France’s competition regulator on Tuesday slapped Google with a 500-million-euro ($593-million) fine for failing to negotiate “in good faith” with media companies over the use of their content under EU copyright rules.
It is “the biggest ever fine” imposed by the Competition Authority for a company’s failure to adhere to one of its rulings, the agency’s chief Isabelle De Silva told reporters.
In a ruling published on its website, the Competition Authority also ordered the US internet giant to present media publishers with “an offer of remuneration for the current use of their copyrighted content”, or risk paying additional damages of up to 900,000 euros a day.
A Google spokesperson said in a statement to AFP that the company was “very disappointed” by the decision.
“We have acted in good faith during the entire negotiation period. This fine does not reflect the efforts put in place, nor the reality of the use of news content on our platform,” the company insisted.

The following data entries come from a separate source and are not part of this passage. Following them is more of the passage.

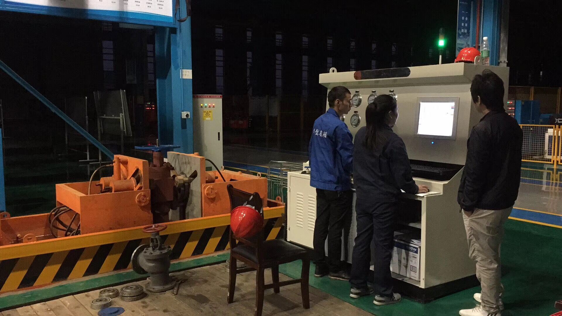 三、接通电源,按油泵启动按钮,检查电机转动方向,是否正确(顺时针方向)进行5—1 O分钟空载运转后,调节油泵压力在5 0MPa进行试机,各种动作,检查各管路有无泄漏,发现不良现象,应立即停机排除。
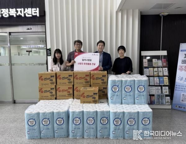 [ 한국미디어뉴스 이보영 기자 ] 시흥시 배곧1동 행정복지센터에 지난 8월 29일 일어나병원이 방문해 100만 원 상당의 두루마리 휴지와 라면을 전달하며, 지역사회에 따뜻한 마음을 나눴다.
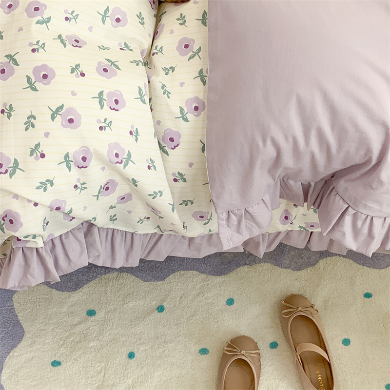 商品名称:昔可家纺 韩版对折褶皱花边全棉四件套ok 香草甜心紫

“This decision is mainly about negotiations that took place between May and September 2020. Since then, we have continued to work with publishers and news agencies to find common ground.”
The long-running legal battle has centred on claims that Google has been showing articles, pictures and videos produced by media groups when displaying search results without adequate compensation, despite the seismic shift of advertising revenue online.
In April 2020, the French competition authority ordered Google to negotiate “in good faith” with media groups after it refused to comply with a new EU law governing digital copyright.
The so-called “neighbouring rights” aim to ensure that news publishers are compensated when their work is shown on websites, search engines and social media platforms.
But last September, news publishers including Agence France-Presse (AFP) filed a complaint with regulators, saying Google was refusing to move forward on paying to display content in web searches.
In particular, the Competition Authority rebuked Google for having failed to “have a specific discussion” with media companies about neighbouring rights while negotiating over the launch of its Google Showcase news service, which launched late last year.
News outlets struggling with dwindling print subscriptions have long seethed at Google’s refusal to give them a cut of the millions of euros it makes from ads displayed alongside news search results.
The search giant counters that it encourages millions of people to click through to media sites, and it has also invested heavily in supporting media groups in other ways, including emergency funding during the Covid-19 crisis.